> [EXCERPTED RECORDS]
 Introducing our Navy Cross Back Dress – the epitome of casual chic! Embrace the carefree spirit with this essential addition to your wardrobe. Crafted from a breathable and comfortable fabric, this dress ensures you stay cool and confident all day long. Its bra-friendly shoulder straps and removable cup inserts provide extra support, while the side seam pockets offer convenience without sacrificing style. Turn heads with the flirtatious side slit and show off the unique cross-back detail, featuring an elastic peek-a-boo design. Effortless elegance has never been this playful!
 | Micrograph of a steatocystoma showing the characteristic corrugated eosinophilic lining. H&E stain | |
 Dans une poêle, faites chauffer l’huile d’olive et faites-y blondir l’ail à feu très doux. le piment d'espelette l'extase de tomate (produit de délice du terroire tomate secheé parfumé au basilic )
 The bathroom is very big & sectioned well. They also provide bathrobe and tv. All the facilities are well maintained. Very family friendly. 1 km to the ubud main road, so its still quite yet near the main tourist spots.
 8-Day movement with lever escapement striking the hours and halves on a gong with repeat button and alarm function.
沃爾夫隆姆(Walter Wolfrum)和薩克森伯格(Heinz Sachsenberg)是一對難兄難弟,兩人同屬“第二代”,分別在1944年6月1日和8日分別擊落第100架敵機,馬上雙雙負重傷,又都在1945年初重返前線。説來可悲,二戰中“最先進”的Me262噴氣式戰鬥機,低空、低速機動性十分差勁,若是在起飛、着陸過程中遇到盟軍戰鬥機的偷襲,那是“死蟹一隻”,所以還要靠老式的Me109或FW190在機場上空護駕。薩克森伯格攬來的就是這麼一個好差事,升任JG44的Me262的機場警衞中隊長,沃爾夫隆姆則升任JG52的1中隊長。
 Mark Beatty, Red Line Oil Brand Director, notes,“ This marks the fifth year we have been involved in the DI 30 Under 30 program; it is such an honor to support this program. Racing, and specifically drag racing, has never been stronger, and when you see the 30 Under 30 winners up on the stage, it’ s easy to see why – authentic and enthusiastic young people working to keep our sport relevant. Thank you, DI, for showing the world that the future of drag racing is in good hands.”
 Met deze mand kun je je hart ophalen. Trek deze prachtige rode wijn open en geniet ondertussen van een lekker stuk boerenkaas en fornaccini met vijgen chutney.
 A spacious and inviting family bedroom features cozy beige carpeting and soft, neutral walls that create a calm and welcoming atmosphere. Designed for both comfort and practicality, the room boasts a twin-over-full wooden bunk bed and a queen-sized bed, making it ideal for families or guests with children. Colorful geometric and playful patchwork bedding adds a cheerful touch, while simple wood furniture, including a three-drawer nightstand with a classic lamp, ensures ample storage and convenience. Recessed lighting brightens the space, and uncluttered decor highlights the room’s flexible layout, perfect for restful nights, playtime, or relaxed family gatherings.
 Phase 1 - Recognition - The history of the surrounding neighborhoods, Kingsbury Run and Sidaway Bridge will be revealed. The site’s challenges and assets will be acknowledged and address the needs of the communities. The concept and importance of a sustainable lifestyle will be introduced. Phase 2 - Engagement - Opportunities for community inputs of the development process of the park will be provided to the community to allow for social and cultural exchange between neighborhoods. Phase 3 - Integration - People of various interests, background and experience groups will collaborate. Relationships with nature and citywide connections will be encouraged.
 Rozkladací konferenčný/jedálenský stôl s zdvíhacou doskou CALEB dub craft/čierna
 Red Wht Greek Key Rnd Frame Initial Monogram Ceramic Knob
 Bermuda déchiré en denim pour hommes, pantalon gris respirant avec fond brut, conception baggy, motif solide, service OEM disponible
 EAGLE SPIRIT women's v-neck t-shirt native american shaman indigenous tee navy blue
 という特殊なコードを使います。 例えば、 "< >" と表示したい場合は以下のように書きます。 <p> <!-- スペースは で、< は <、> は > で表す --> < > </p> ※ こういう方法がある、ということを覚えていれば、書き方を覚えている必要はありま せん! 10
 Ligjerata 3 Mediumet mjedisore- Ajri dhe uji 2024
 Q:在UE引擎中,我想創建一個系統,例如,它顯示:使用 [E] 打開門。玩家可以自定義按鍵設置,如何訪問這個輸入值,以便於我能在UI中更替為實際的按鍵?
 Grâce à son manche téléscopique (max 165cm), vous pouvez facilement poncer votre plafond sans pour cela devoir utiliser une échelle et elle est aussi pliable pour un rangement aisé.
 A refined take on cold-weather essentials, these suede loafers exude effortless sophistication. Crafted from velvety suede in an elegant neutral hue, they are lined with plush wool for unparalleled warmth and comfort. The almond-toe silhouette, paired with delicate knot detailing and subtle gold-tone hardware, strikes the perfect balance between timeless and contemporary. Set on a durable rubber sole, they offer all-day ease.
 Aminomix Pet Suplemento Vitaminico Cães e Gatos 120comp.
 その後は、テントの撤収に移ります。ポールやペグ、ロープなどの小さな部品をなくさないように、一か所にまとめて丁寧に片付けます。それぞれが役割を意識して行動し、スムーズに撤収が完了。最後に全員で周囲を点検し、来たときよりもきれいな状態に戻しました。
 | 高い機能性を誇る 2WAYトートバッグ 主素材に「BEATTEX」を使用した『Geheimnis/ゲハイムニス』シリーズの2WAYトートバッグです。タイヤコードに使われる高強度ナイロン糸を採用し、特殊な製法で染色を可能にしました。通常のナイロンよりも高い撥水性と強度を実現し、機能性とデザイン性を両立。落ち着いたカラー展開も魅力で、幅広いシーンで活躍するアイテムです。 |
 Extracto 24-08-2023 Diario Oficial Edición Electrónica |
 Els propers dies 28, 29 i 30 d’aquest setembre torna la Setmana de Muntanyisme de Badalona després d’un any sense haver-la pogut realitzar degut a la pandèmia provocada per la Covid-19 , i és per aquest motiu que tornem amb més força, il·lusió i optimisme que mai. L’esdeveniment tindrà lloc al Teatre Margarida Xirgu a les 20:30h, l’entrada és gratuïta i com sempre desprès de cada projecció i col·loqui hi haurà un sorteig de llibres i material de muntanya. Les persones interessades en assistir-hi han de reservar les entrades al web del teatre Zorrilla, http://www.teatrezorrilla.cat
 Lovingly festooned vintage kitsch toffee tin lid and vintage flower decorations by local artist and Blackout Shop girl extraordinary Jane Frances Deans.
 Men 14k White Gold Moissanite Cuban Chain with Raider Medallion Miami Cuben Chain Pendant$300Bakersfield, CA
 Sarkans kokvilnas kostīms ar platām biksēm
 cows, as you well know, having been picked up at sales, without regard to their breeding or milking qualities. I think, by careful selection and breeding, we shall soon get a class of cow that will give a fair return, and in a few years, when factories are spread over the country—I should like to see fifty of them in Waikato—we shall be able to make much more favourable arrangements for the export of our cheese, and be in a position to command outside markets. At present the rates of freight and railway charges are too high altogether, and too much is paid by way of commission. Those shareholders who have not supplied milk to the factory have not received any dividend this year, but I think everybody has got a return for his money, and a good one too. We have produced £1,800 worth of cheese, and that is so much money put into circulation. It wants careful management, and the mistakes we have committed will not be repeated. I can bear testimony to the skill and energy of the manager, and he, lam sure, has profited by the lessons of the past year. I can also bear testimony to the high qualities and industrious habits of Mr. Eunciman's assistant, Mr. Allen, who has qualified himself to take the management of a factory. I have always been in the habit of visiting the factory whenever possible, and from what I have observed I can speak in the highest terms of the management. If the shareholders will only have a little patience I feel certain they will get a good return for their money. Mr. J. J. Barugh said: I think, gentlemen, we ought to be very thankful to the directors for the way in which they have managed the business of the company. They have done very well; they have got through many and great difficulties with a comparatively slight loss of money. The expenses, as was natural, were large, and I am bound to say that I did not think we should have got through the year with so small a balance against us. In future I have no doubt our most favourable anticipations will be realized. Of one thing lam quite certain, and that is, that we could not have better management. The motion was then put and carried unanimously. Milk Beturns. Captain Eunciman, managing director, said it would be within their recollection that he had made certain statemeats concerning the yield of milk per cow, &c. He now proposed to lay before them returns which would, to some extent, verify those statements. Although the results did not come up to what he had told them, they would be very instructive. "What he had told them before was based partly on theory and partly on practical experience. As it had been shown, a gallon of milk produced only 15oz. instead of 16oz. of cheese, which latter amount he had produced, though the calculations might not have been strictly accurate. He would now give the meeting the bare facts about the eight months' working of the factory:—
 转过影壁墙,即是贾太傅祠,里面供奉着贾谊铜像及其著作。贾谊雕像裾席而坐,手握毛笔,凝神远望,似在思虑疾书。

> [WORK REQUEST] Begin at the first line of the records above and restate each line word for word, stopping after the line with "8-Day movement with".

> [SOLUTION BELOW]
 Introducing our Navy Cross Back Dress – the epitome of casual chic! Embrace the carefree spirit with this essential addition to your wardrobe. Crafted from a breathable and comfortable fabric, this dress ensures you stay cool and confident all day long. Its bra-friendly shoulder straps and removable cup inserts provide extra support, while the side seam pockets offer convenience without sacrificing style. Turn heads with the flirtatious side slit and show off the unique cross-back detail, featuring an elastic peek-a-boo design. Effortless elegance has never been this playful!
 | Micrograph of a steatocystoma showing the characteristic corrugated eosinophilic lining. H&E stain | |
 Dans une poêle, faites chauffer l’huile d’olive et faites-y blondir l’ail à feu très doux. le piment d'espelette l'extase de tomate (produit de délice du terroire tomate secheé parfumé au basilic )
 The bathroom is very big & sectioned well. They also provide bathrobe and tv. All the facilities are well maintained. Very family friendly. 1 km to the ubud main road, so its still quite yet near the main tourist spots.
 8-Day movement with lever escapement striking the hours and halves on a gong with repeat button and alarm function.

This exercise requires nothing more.